Cut the cost of motoring

The price that new drivers and parents pay

Find the painful truth about how much it'll cost to help a child hit the road

Find the painful truth about how much it’ll cost to help a child hit the road

Getting behind the wheel of your first car and cutting free from childhood restraints is a rite of passage for all of us… but claiming that sacrament of youth is rapidly becoming a debilitating financial burden on parents, too. Find out how much it’ll cost to set your offspring on the highway of life – and how you can slash that very same bill.

How much to get on the road

Here’s how the price of automotive freedom stacks up for new drivers and their parents…

The cost of getting a new driver on the road revealed...

The cost of getting a new driver on the road revealed…

Shock new research from price comparison website has revealed that getting a young driver through their test and on the road in their first car is now a staggering sum of £6,537.

The price has jumped by more than 18% over the past five years, despite the UK’s plunging inflation rate.

Learning to drive: Typically, this will cost in the region of £600 once the cost of driving lessons, taking tests and obtaining a provisional licence have been added to the bill. Research shows young drivers will need an average of 20 lessons (costing around £24 each) before passing their test, so be prepared to pay around £480 for driving lessons alone.

Buying the car: Most of the increase in the cost of getting new drivers on the road comes from spending more on the first car; up from £2,477 in 2009 to a current average price of £3,825.

Insuring the car: Despite the overall increase in the cost of getting on the road, insuring the car for new drivers has actually fallen from £2455 in 2009 to £2232 in 2014. However, it remains a huge barrier for young drivers and their parents.

Price that parents pay…

It has also been revealed that it’s parents who are paying the price for spiralling costs of getting their children driving. Here’s how mum and dad are helping set their kids on the road to independence.

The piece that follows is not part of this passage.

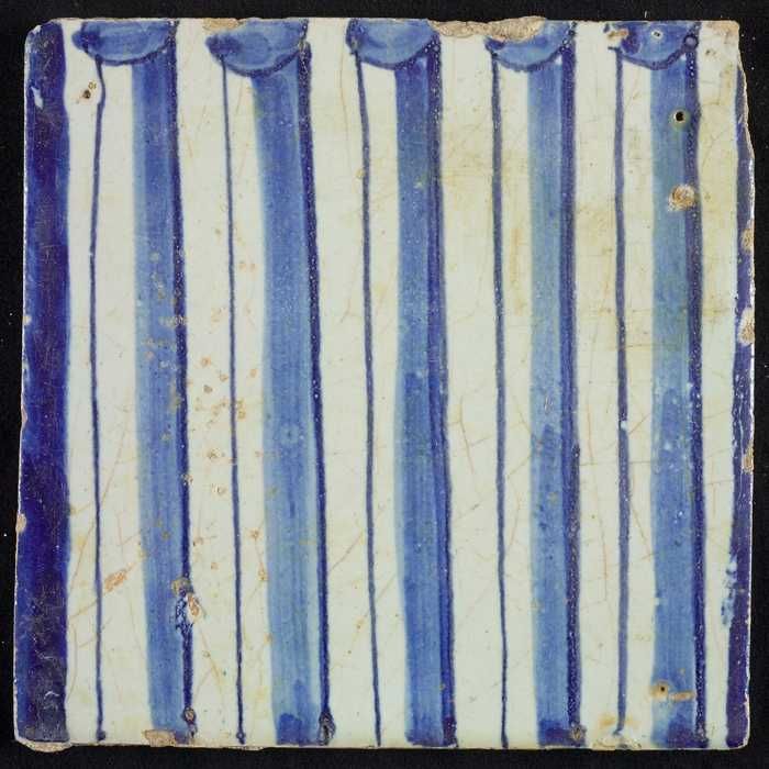 Tegel van schoorsteenpilaster, blauw op wit, deel va...

Getting a young driver on the road is a headache for parents, too

Getting a young driver on the road is a financial headache for parents, too

How to cut the cost of getting on the road

Cut the cost of motoring

Cut the cost of motoring

With the average cost of getting a new driver on the road approaching £7,000, it might seem an impossible dream for many youngsters to get a wheel on the highway. Don’t buy the bus pass just yet, though; simply follow our cost-cutting guide to getting on the road.

Sensible cars: Put the Bugatti Veyron on ice

Sensible cars: While a sparkling red drop-top with a prancing horse adorning the bonnet might seem the obvious choice to the average 17-year-old, opting for sub-1000cc city car nestling in a low insurance group could well offer the ever-so-slightly more cost-effective option. It’ll be cheaper to buy, cut insurance premiums and (hopefully) help them build up a decent no-claims bonus – and prevent the need for a second mortgage on the family seat.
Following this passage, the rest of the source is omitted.